An examination of the records satisfies us that the case presents no dispute as to relatively simple
material facts. The circumstances obtaining amply justify petitioner's righteous indignation to a more
expeditious action. Respondent has offered no reason nor made effort to submit any controverting
documents to bash that patina of legitimacy over the claim. But as might well be, towards the end of
some two and a half years of seeming impotent anguish over the pendency, the respondent
Commissioner of Internal Revenue would furnish the satisfaction of ultimate solution by manifesting
that "it is now his turn to present evidence, however, the Appellate Division of the BIR has already
recommended the approval of petitioner's claim for refund subject matter of this petition.
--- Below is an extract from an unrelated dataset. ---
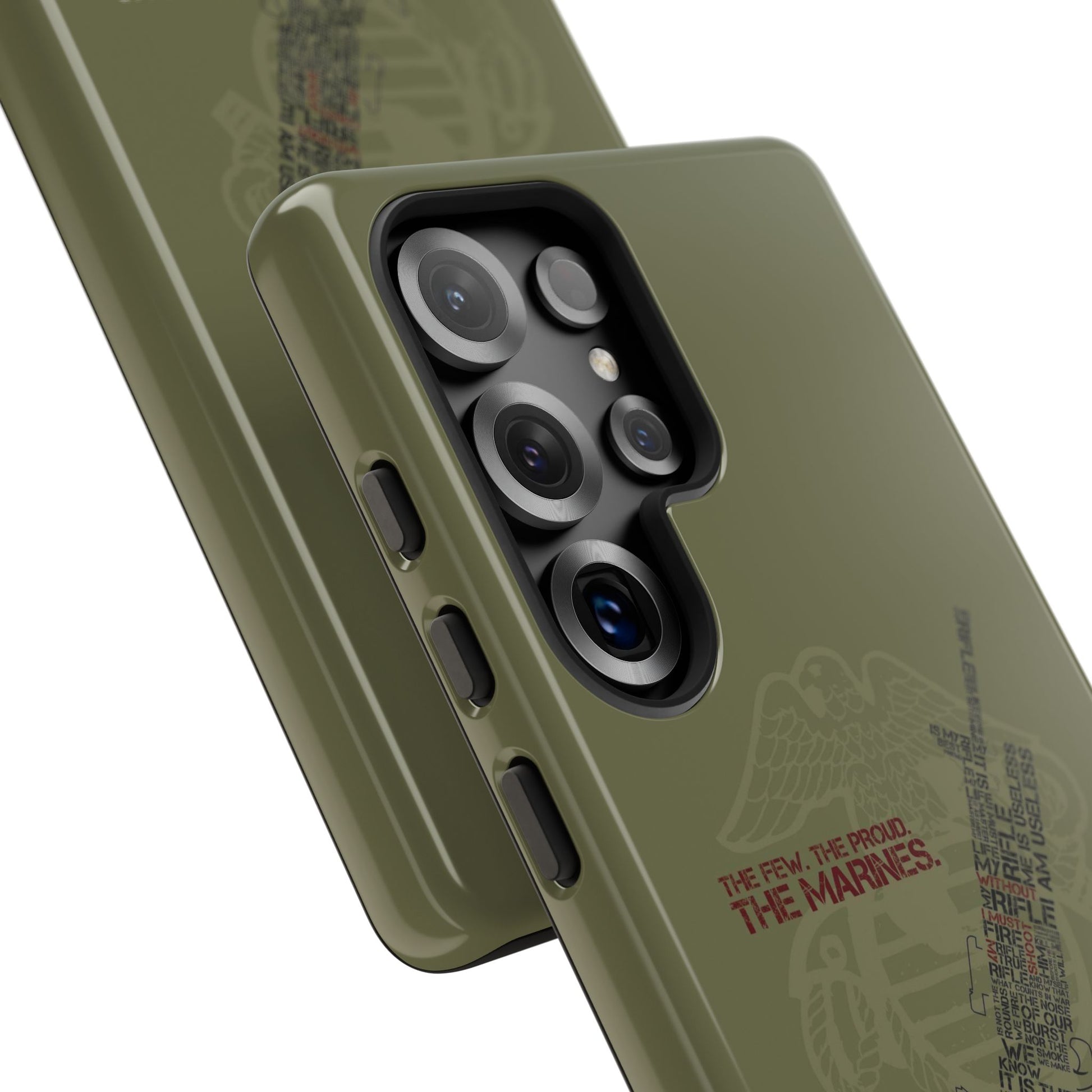 A marine corps design phone case with a glossy or matte surface, durable polycarbonate plastic construction, vibrant colors, and full-wrap print. This impact-resistant case is flexible, durable, and supports wireless charging. Perfect for those who love military themes and want to protect their phone with style.

The
examiner who examined this case has also recommended the refund of petitioner's claim. Without
prejudice to withdrawing this case after the final approval of petitioner's claim, the Court ordered the
resetting to September 7, 1983." (Minutes of June 9, 1983 Session of the Court) We need not fashion
any further issue into an apparently settled legal situation as far be it from a comedy of errors it
would be too much of a stretch to hold and deny the refund of the amount of prepaid income and
common carrier's taxes for which petitioner could no longer be made accountable.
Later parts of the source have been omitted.